Разговор с близким другом происходил у меня дома, в Москве, в 1976 году. Мы сидели в моём кабинете, на мягких креслах финского гарнитура, по стенам стояли красивые полки с собранной мной богатой библиотекой, мы пили армянский коньяк, который дарили мне благодарные за операции пациенты. И обстановка, и условия моей жизни были самые привилегированные по стандартам той жизни. Это было за пятнадцать лет до падения коммунизма и развала Советского Союза, и тогда никто не мог предсказать, какие великие изменения наступят вскоре на русской земле. Мы их тогда не ждали.
В той обстановке было действительно дико думать, что нужно всё это бросать. Но в той ситуации уехать оттуда было единственным выходом из моего положения. Желание эмигрировать было опасное, в этом мой друг был прав. Но это было наше с Ириной продуманное решение, и оно вытекало не только из эмоциональной реакции, было не только бегством от преследования коммунистов. Всё было ещё глубже: мы по-настоящему устали там жить, нам надоели бесконечные ограничения, запрещения, постоянные подстёгивания, непрекращающиеся унижения. Мы хотели быть свободными людьми, людьми мира, который почти не знали.
Мы принадлежали к поколению московских интеллигентов, которые долго страдали, прямо или косвенно, в ожидании социальных улучшений для всего советского общества. Мы были детьми тех, кого сотнями тысяч арестовывали, мучили и убивали коммунистические опричники КГБ; наши отцы и братья, и даже некоторые из нас самих, были победителями в недавней Отечественной войне и заслужили для своих людей лучшую жизнь. Нам хотелось, чтобы кончилась эпоха засилья партии с её абсурдной пропагандой, в которую никто не верил, чтобы прекратилась алогичная холодная война с Западом, забиравшая все силы и ресурсы страны. Коммунисты сдавливали горло страны, а мы хотели свободы и лучшей жизни и — отчаялись ждать.
Мы с Ириной не «преклонялись перед Западом», с которым и не были знакомы.
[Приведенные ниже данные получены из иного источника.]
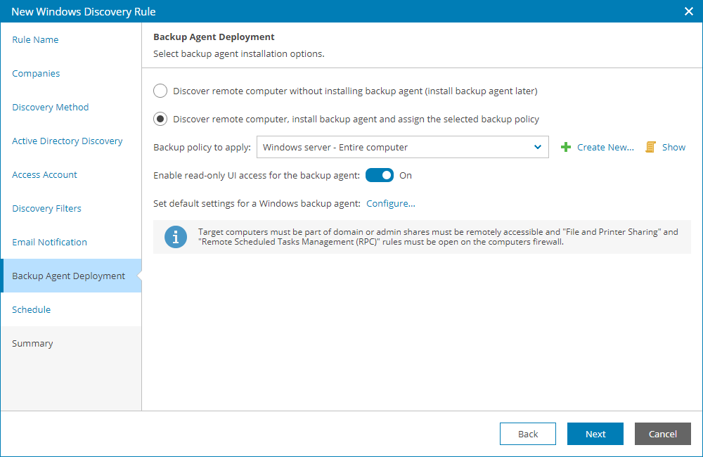 - By default, the read-only access mode is enabled for all Veeam backup agents installed as part of discovery. To disable the read-only access mode for Veeam backup agents on discovered computers, set the Enable read-only UI access for the backup agent toggle to Off.

Один только раз ездили мы в Югославию, по протекции министра внутренних дел, моего пациента. Но мы были то, что называлось антисоветчики, и наш 19-летний сын, студент-медик, вырастал под этим влиянием. Деньги я успешно зарабатывал хирургией и публикацией стихов, но только самых аполитичных — для детей (свои антисоветские я прятал в стол). И за это я был «допущен в умеренно-благополучную ничтожно-покорную жизнь», как писал Солженицын. Но вот, совершенно неожиданно и неоправданно, меня стали выживать с работы. Не в моём характере было сдаваться, я привык — достигать. И я решил, что если они меня не ценят, то они меня недостойны.
Хотя я не был верующим, но читал Библию и любил библейские мифы — великие темы интеллектуальной истории человека. Я находил в них много практической мудрости. В одном из них праведный старик Ной, живший среди распутников и безобразников, услышал Голос, велевший ему строить ковчег. Ной не знал, чей голос, и не знал, зачем его строить. Но послушался и построил ковчег. И поэтому спасся от потопа, насланного на грешную землю. И вот я стал думать: атака на меня — это ведь тоже как голос-сигнал мне! Надо уметь слушать Голос — надо уезжать и спасаться.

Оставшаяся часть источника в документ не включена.